12- Mescid İçinde Güneş Tutulması Namazı Kılınması Babı

1063 Bana Mâlik, Yahya ibn Saîd'den; o da Amre bintu Abdirrahmân'dan; o da Âişe (r.anha)'den tahdîs etmiştir. Bir Yahûdî kadın birşey istemek için Âişe'nin yanına gelmiş ve ona: Allah seni kabir azabından korusun diyerek duâ etmiş. Bunun üzerine Âişe, Rasûlüllah'a: İnsanlar kabirlerinde azâb edilirler mi? diye sormuş. Rasûlüllah da: "Ondan (yani kabir azabından) Allah'a sığınırım'' buyurmuştur.

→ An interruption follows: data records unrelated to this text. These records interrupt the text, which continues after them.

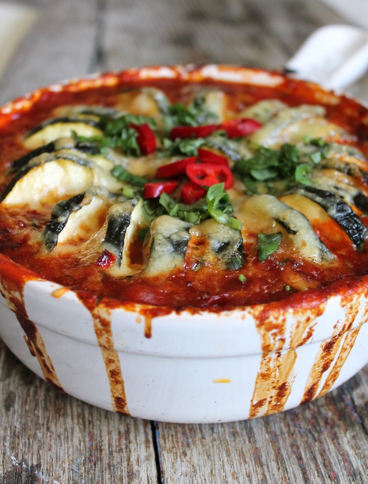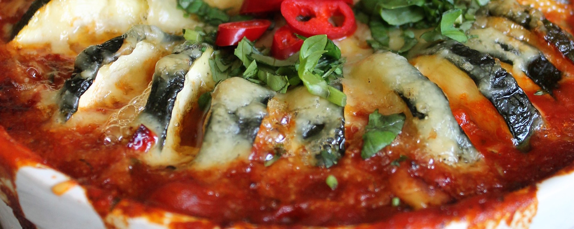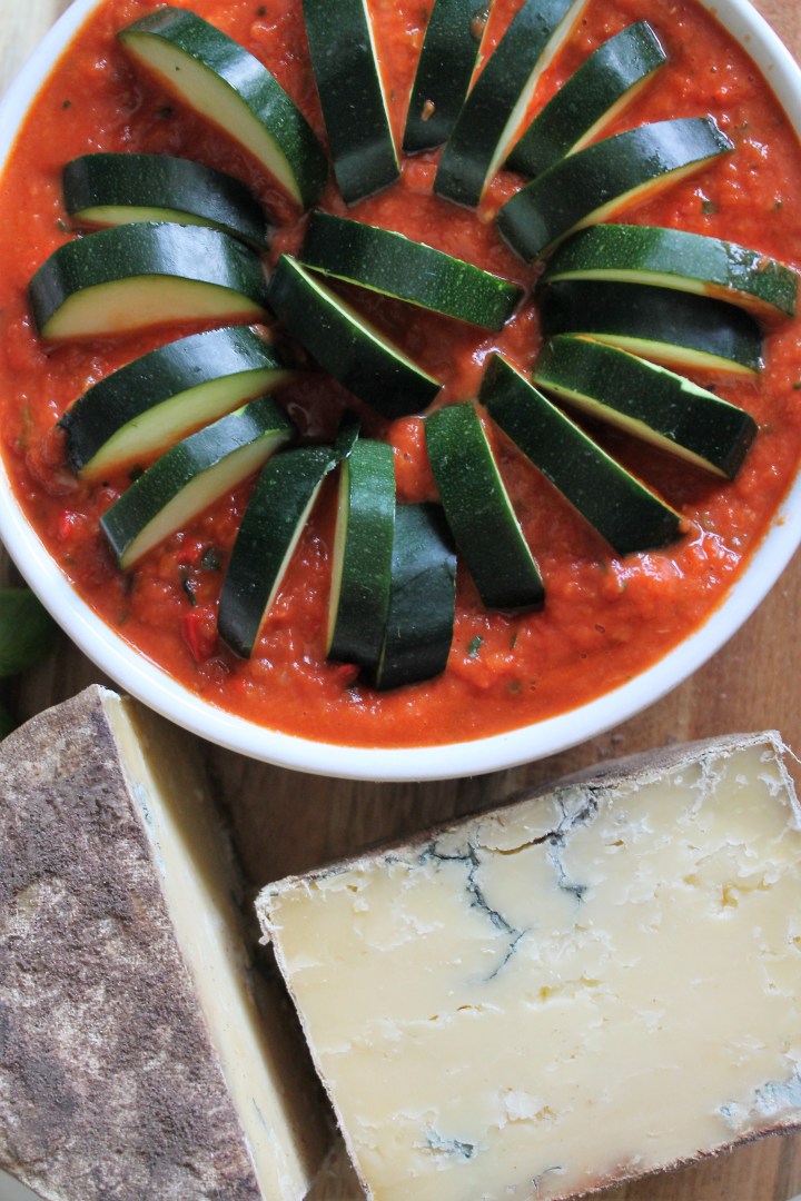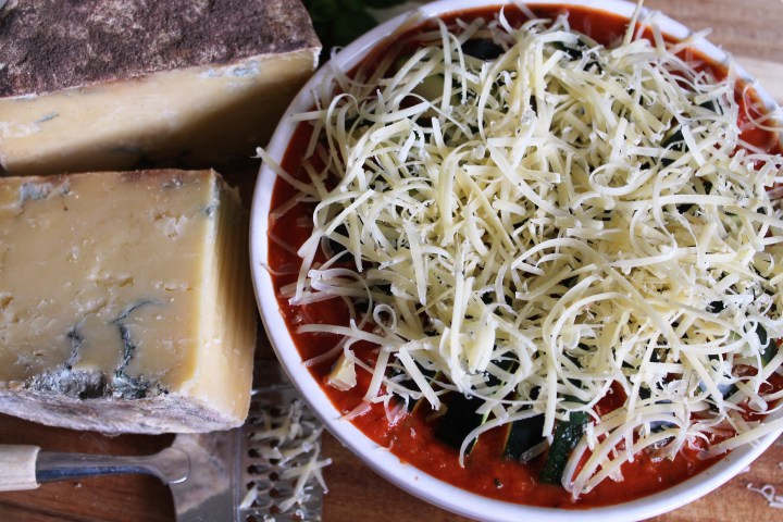 Jeg har tidligere blogget suppe laget på squash/zucchini som har overrasket meg med hvor mye smak denne grønnsaken egentlig har og hvilken god evne den har til å trekke til seg smak. Denne gratinerte squashen stekes i skiver sammen med en skikkelig deilig tomatsaus og en godt lagret cheddar. Tomatsausen lager du raskt ved å småkoke hvitløk, løk, chili, paprika, Mutti og basilikum i 5 minutter. Kjør den glatt med stavmikser og ha i en ildfast form. Skjær squashen i skiver og sett i tomatsausen. Riv over en skikkelig smakfull ost og gratiner i ovnen i 20 minutter. Cheddar er en vellagret fastost med mye smak som er perfekt å bruke i gratenger. Mitt valg av ost falt på «Cave aged cheddar» fra Somerset, England, som modnes i naturlige grotter. Ved å binde en klut på osten utvikles det muggflekker som en naturlig del av prosessen og gir den en litt blåskimmelaktig smak. Du kan bytte ut osten med mozzarella. Denne gratengen er perfekt hvis du ikke vil spise kjøtt eller den kan være tilbehør til koteletter og annet kjøtt.
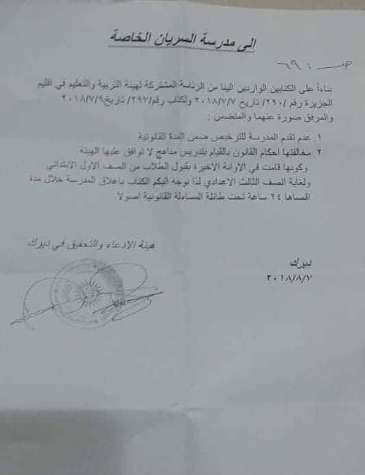 يوم الثلاثاء 7/8/2018 وجّهت هيئة التربية في إقليم الجزيرة والتابعة لسلطة الأمر الواقع (الإدارة الذاتية الديمقراطية) كتابا إلى إدارة مدرسة السريان الخاصة في ديريك (المالكية)، تنذرها بإغلاق المدرسة خلال مدّة أقصاها 24 ساعة تحت طائلة المساءلة القانونية، متذرعة بحجج واهية وغير مقنعة منها: عدم قيام الإدارة بترخيص المدرسة ضمن المدة القانونية، ومخالفتها أحكام القانون بالقيام بتدريس مناهج لا توافق عليها الهيئة، وكونها قامت في الآونة الأخيرة بقبول الطلاب من الصف الأول الابتدائي ولغاية الصف الثالث الإعدادي . وكانت هيئة التربية قد وجّهت إنذارا مماثلا لمدرسة السريان الخاصة في مدينة الدرباسية مهدّدة إيّاها بالإغلاق أيضا.
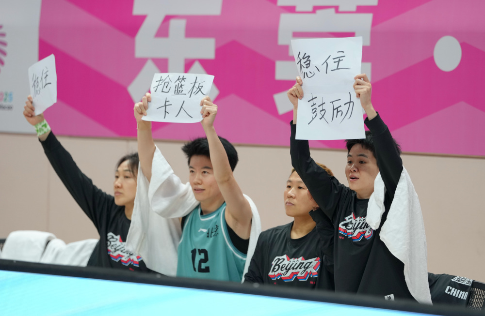 12月15日,北京队球员在场边举起提示场上队友的手写纸卡。新华社记者肖恩楠摄
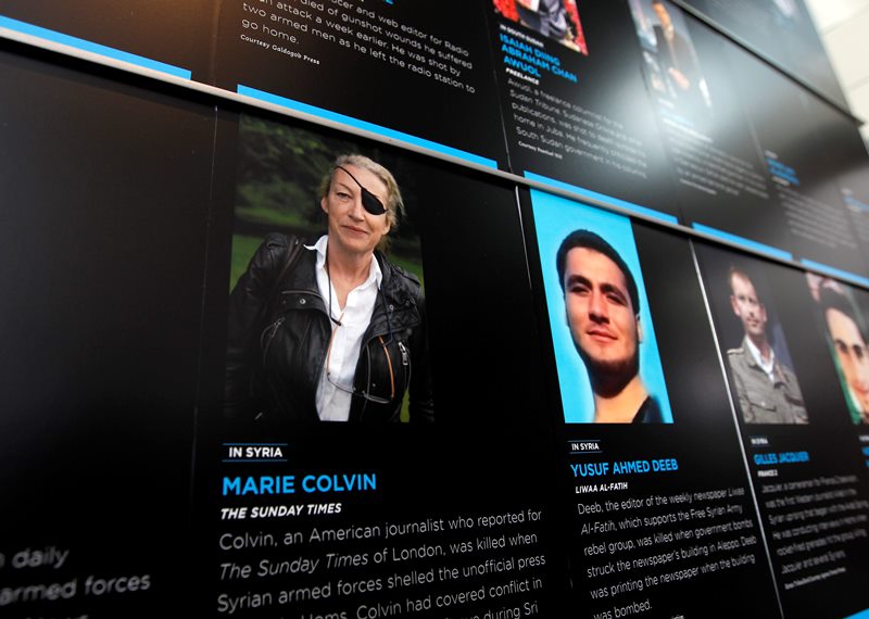 Colvin, 56, a native of New York City, was killed Feb. 22, 2012. Just hours before her death, she filed another report on the Syrian government’s crackdown and its impact on civilians. The attack by Syrian army forces also killed several activists.
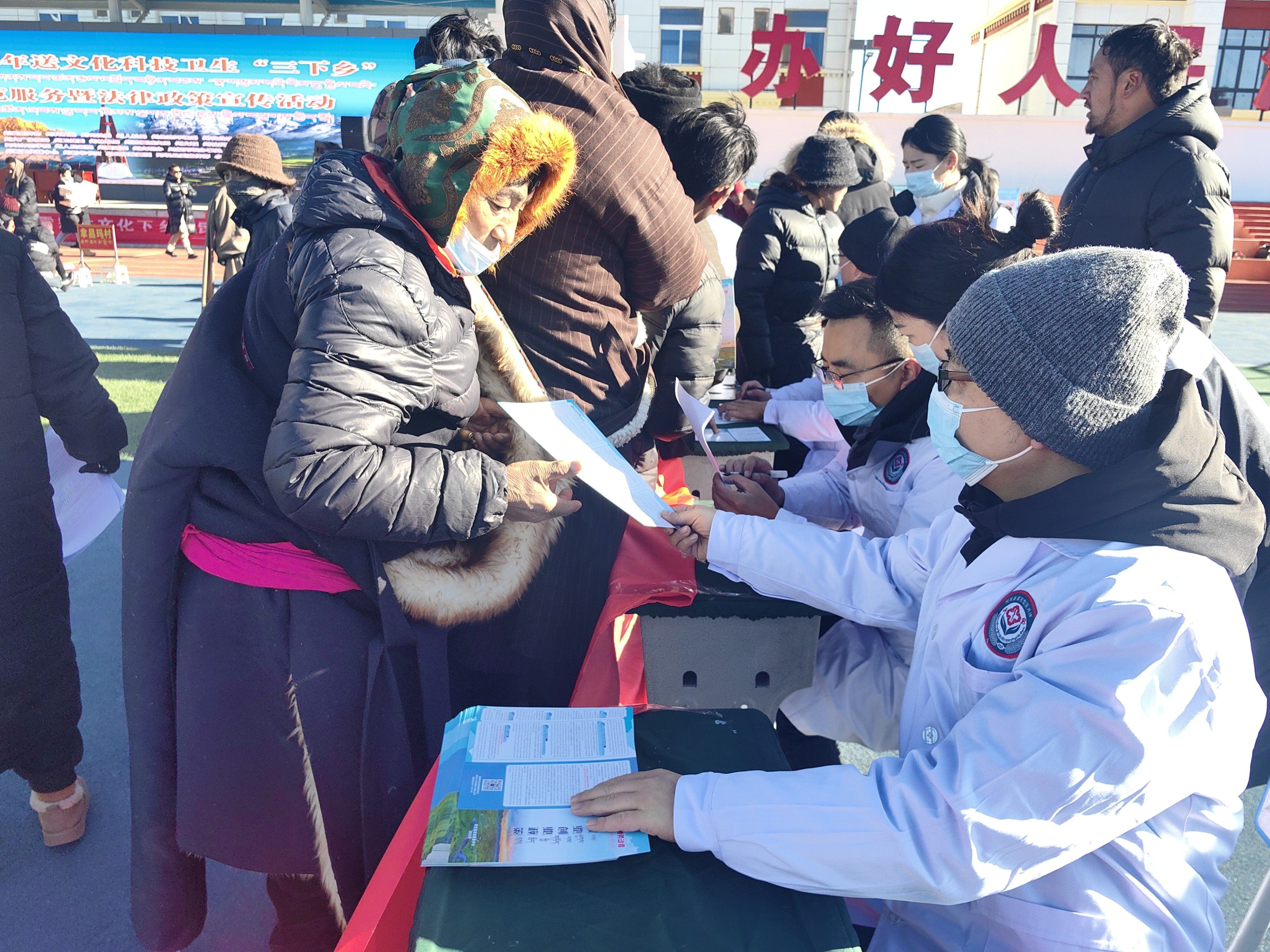 賈洛鎮平均海拔3500米以上,目前最低氣溫達-17℃,氣候干燥、含氧量極少。在義診活動中,醫療專家們不畏高寒和缺氧,為群眾提供了專業細致的診療服務,開展血壓、血糖檢測、心肺聽診等常規檢查。對于一些疑難重癥患者,醫療團隊還進行了詳細的會診,提出了治療方案和手術預約建議。同時,醫療專家們還針對藏區常見的疾病,如高原病、呼吸系統疾病等,進行重點講解和防治指導,幫助他們更好地了解疾病預防和健康保健知識。據統計,此次義診活動共接診患者300余人,免費提供價值2萬元的藥品,并發放健康宣傳資料300余份。
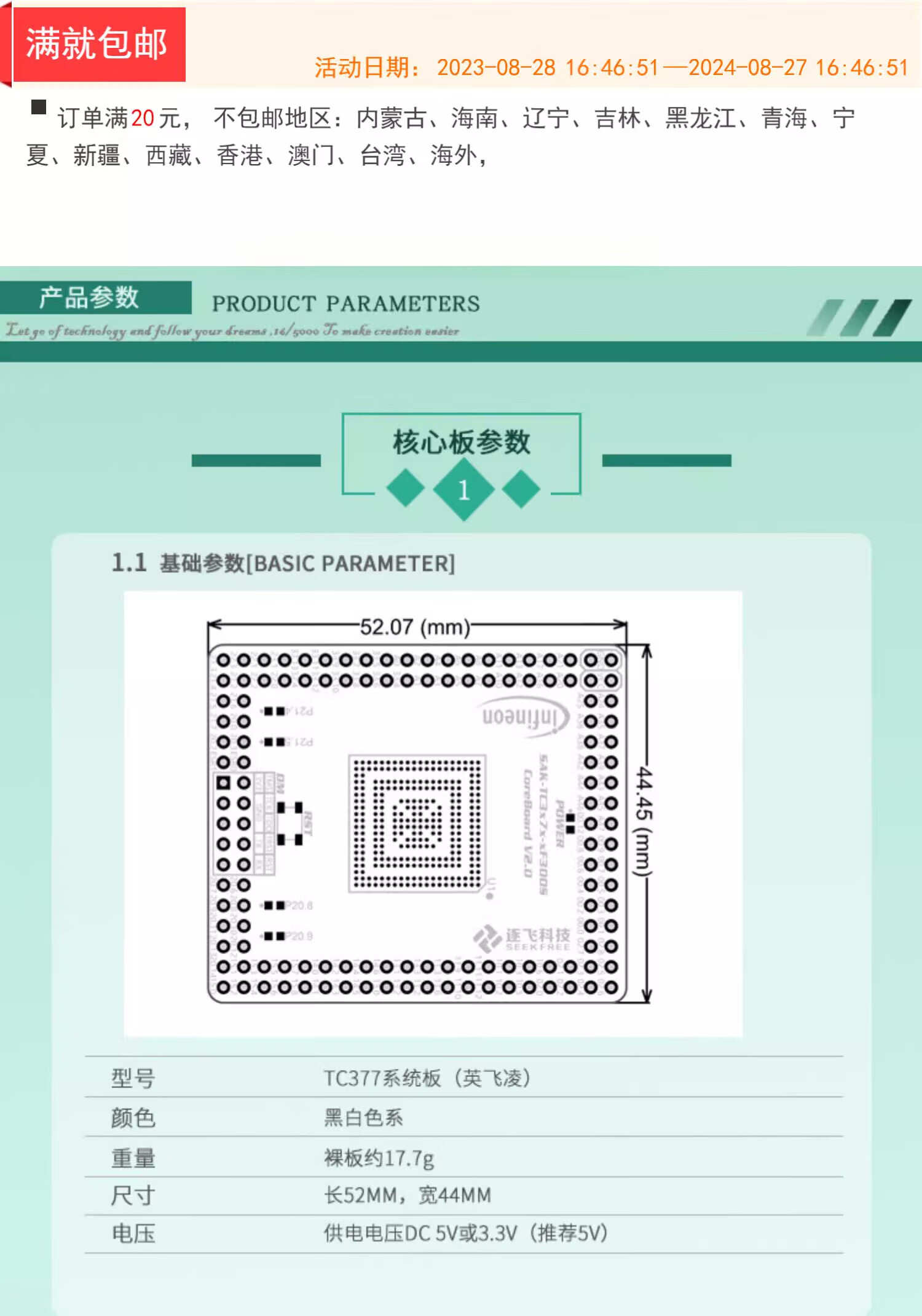 Smart car one-wheel balance three-wheel camera high-speed off-road group Infineon TC377 core board Zhufei Technology TC377 core board a V3.0 version (with chip)
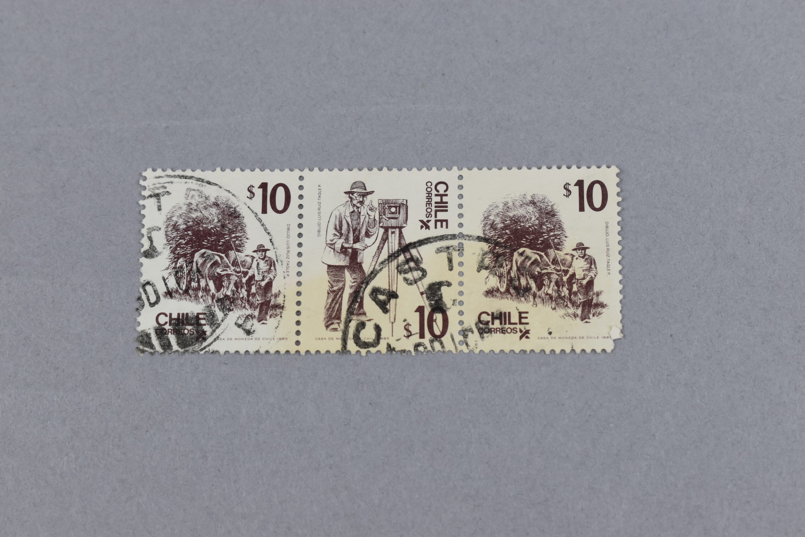 Estampillas unidas teniendo ilustraciones en blanco y negro de lo que parecen ser oficios y profesiones, y están situadas en este orden: Las estampillas izquierda y derecha contienen la ilustración de lo que parece ser un campesino o labrador tirando una carreta con heno o paja tirada por toros, en la estampilla del centro se puede apreciar la ilustración de un fotógrafo a punto de accionar su cámara. Las tres ilustraciones parecen ser hechas por el artista e ilustrador Luis Ruiz-Tagle P. El valor facial de las estampas se encuentra distribuido de la siguiente manera: en la derecha e izquierda se encuentra en la parte superior derecha y en la central en la parte inferior izquierda.
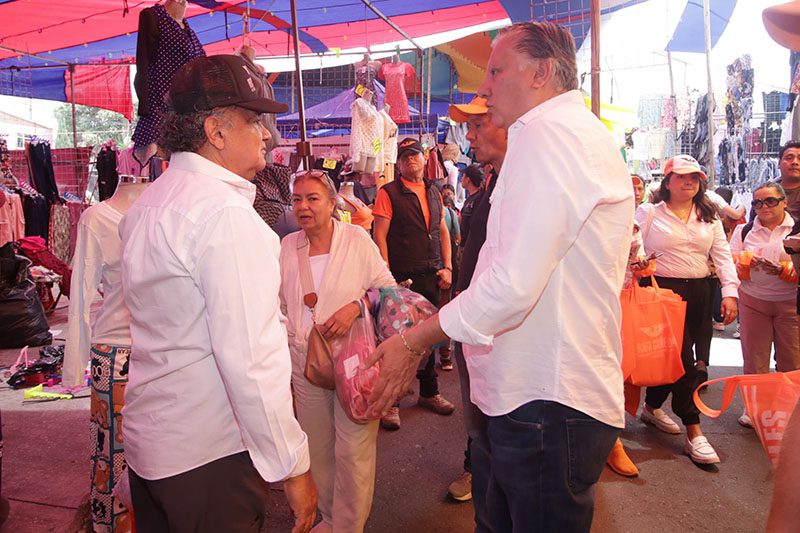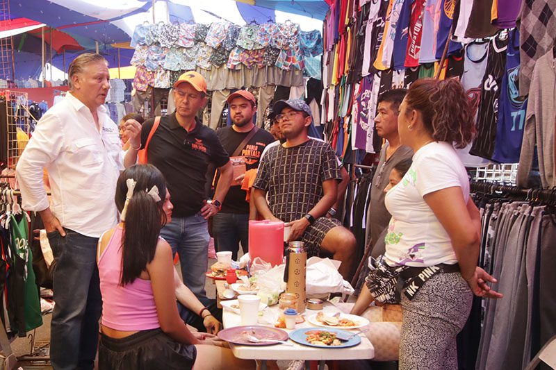 El candidato al gobierno del estado por MC, Fernando Morales, realizó una caminata en el tianguis «Los Lavaderos» para comentar sus propuestas de campaña y escuchar las necesidades de los locatarios.
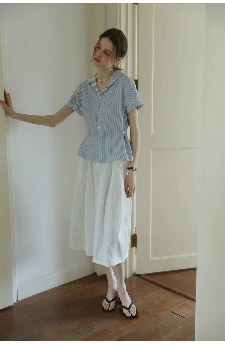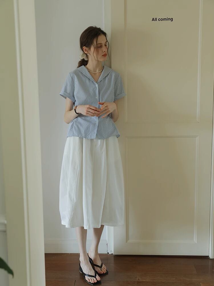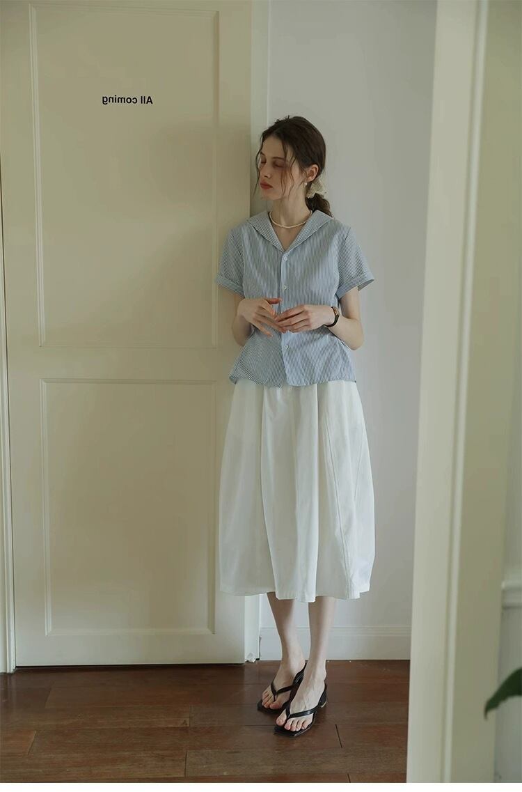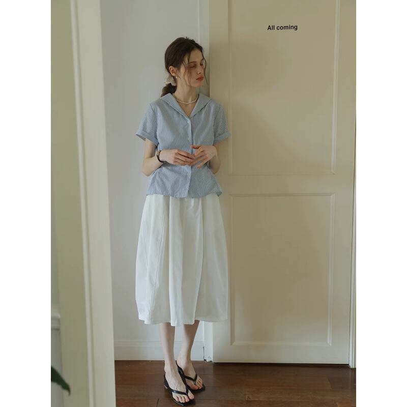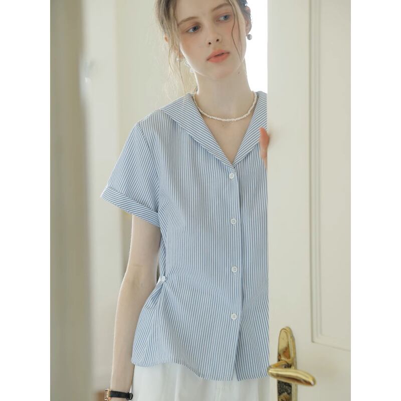 【シャツ】 シャツ レディース おしゃれ 大人 可愛い ブルー 青 ストライプ トップス シャツ ブラウス 韓国 ブラウス 春 夏 秋 20代 30代 40代 50代 シンプル オフィス レディース フォーマル 体型カバー きれいめ 半袖 S M L XL
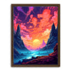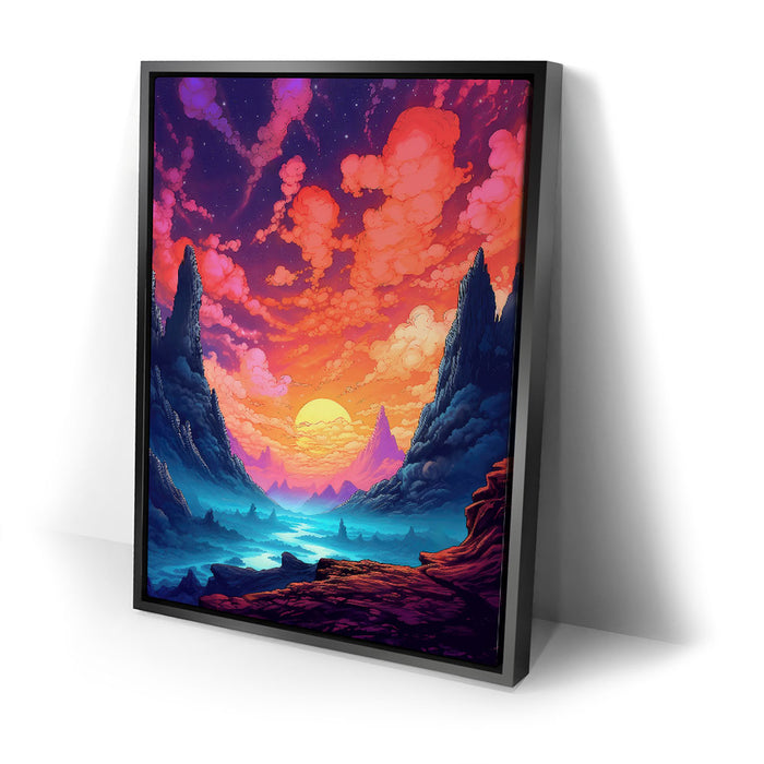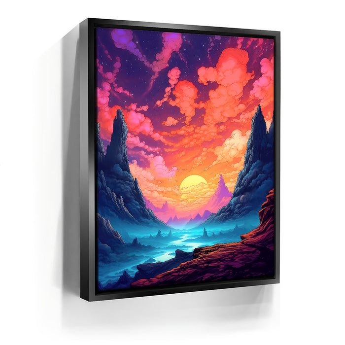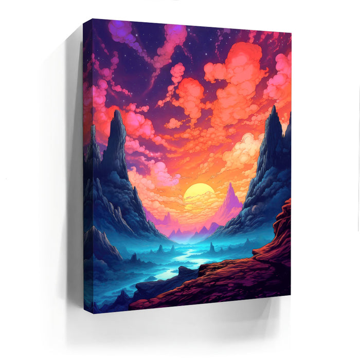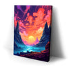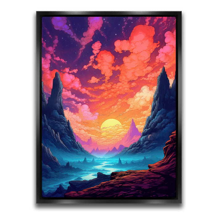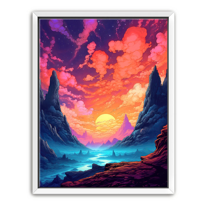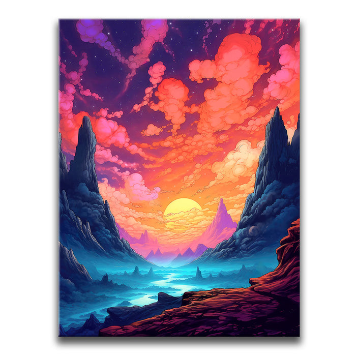 "The Path Less Taken" by Midjourney.Man is a stunningly vibrant and surreal landscape that invites the viewer into a world of wonder and exploration. The piece features towering cliffs framing a serene valley, where a glowing sun dips below the horizon, casting hues of pink, purple, and orange across the sky. The winding path through the misty, otherworldly terrain suggests an epic journey, while the bold, rich colors evoke a sense of mystery and adventure.

1064- Sonra Rasûlüllah, (oğlu İbrahim'in vefatı sebebiyle) sabah vakti bir bineğe binip çıktı. Derken güneş tutuldu. Rasûlüllah kuşluk vaktinde (cenazeden) döndü de (ailelerine mahsûs olan) hücreler arasına uğradı. Sonra (mescidde) ayağa kalkıp namaza durdu. İnsanlar da arkasında namaza durdular. Rasûlüllah uzun bir kıyam yaptı, sonra uzun bir rükû' yaptı. Sonra rukû'dan yükselip uzunca bir kıyam daha yaptı. Bu, evvelki kıyamdan kısa sürdü. Sonra uzun bir rükû' daha yaptı; bu da evvelki rukû'dan kısa sürdü. Sonra rukû'dan yükseldi ve uzun bir secde yaptı. Sonra ayağa kalktı, yine uzun bir kıyam yaptı. Bu da evvelki kıyamdan kısadır. Sonra uzun bir rükû' yaptı. Bu rükû' da evvelkinden kısadır. Sonra tekrar uzun bir kıyam yaptı. Bu da evvelki kıyamdan kısa sürdü. Sonra uzun bir rükû' daha yaptı ki, bu da evvelki rukû'dan kısadır. Sonra secde yaptı. Bu secde, evvelki sucûddan kısa sürdü. Sonra namazdan çıktı. Müteakiben Rasûlüllah (hutbede) Allah ne söylemesini diledi ise onları söyledi. Sonra sahâbîlerine kabir azabından Allah'a sığınmalarını emretti.